Рыцарь, или Легенда о Михаиле Булгакове — страница 149 из 174

Стало быть, перед нами не пьеса, а прерия, безводная сушь. Нечего удивляться, что в ответ на все эти глупейшие крантики и оскорбительные оазисы раздаётся сухой и краткий ответ:

   — Я и стремился дать жизнь простого человека.

Станиславский так и взвивается, хотя и самым обаятельным, самым деликатнейшим тоном:

   — Это мне абсолютно неинтересно, что кто-то женился на своей дочери. Мне интересно то, что он по своей гениальности не заметил, не понял этого. Если это просто интим, он не интересует меня. Если же это интим на подкладке гения мирового значения, тогда дело другое. Надо сценически верно расставить треугольник: двор, “кабалу” и артистический мир. Мне кажется, сейчас надо в пьесе пройти по всем этим трём линиям.

Михаил Афанасьевич продолжает держать оборону:

   — Мне это очень трудно. Ведь работа над пьесой и спектаклем тянется уже пятый год.

Это у них идёт пятый год, они же не гении, оттого и не могут быть никому интересны, тогда как у Станиславского работа только ещё начинается, и в положение автора он даже не предполагает входить, отчего и преподносит ему абсолютно нелепый совет:

   — Не надо ничего писать заново. Из простой реплики сделайте небольшую сценку. Приоткройте немного, актёр уже доиграет.

Тоска! Согласитесь, какая всё это тоска! И у Михаила Афанасьевича вырывается сдержанно, глухо:

   — Это тянется уже пятый год! Сил моих больше нет!

И в качестве назидания получает великолепнейшее рассужденье о том, как сам уважаемый мэтр трудится над своей всё ещё неоконченной, сыроватой, но уже знаменитой системой:

   — Я вас понимаю. Я сам пишу вот уже тридцать лет одну книгу и дописался до такого состояния, что сам ничего не понимаю, зову читать рукопись мальчиков — молодых артистов, чтобы проверить себя. Приходит момент, когда сам автор перестаёт себя понимать. Может быть, и жестоко с моей стороны требовать ещё доработки, но это необходимо. Форма отдельных сцен есть, актёры хорошие...
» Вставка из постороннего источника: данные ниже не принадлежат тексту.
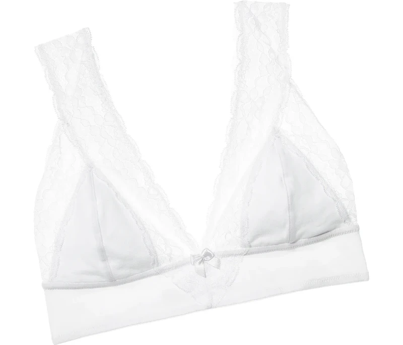 The Blakley bralette is a romantic and sexy style crafted from delicate white lace with bow details. This cotton bralette offers a comfortable and beautiful option for any day. (Available in sizes XS-XL.)

Тут начинается совершеннейший кавардак, поскольку своего масла в огонь подливает лукавый Ливанов, вылитый Муаррон:

   — Мне кажется, Михаилу Афанасьевичу это сделать легко. Может быть, пятый акт мы ещё слабо играем, но отношение к событиям у нас уже есть, а вот более определённые акценты необходимо сделать...

Это всё равно, что на скачках пришпорить и без того лихого коня, идущего на три корпуса впереди. Станиславский подхватывает брошенный камень, однако швыряет в другом направлении:

   — Вот во дворце, когда ваш король разрешил играть “Тартюфа” — ведь это громадный момент. Это целая сцена. А прощание с любимой актрисой? Ведь это все по существу очень важные, большие сцены. Мольер прощается с двумя своими актёрами — шутка сказать! Может быть, для него тяжелее было потерять артистку, чем жену...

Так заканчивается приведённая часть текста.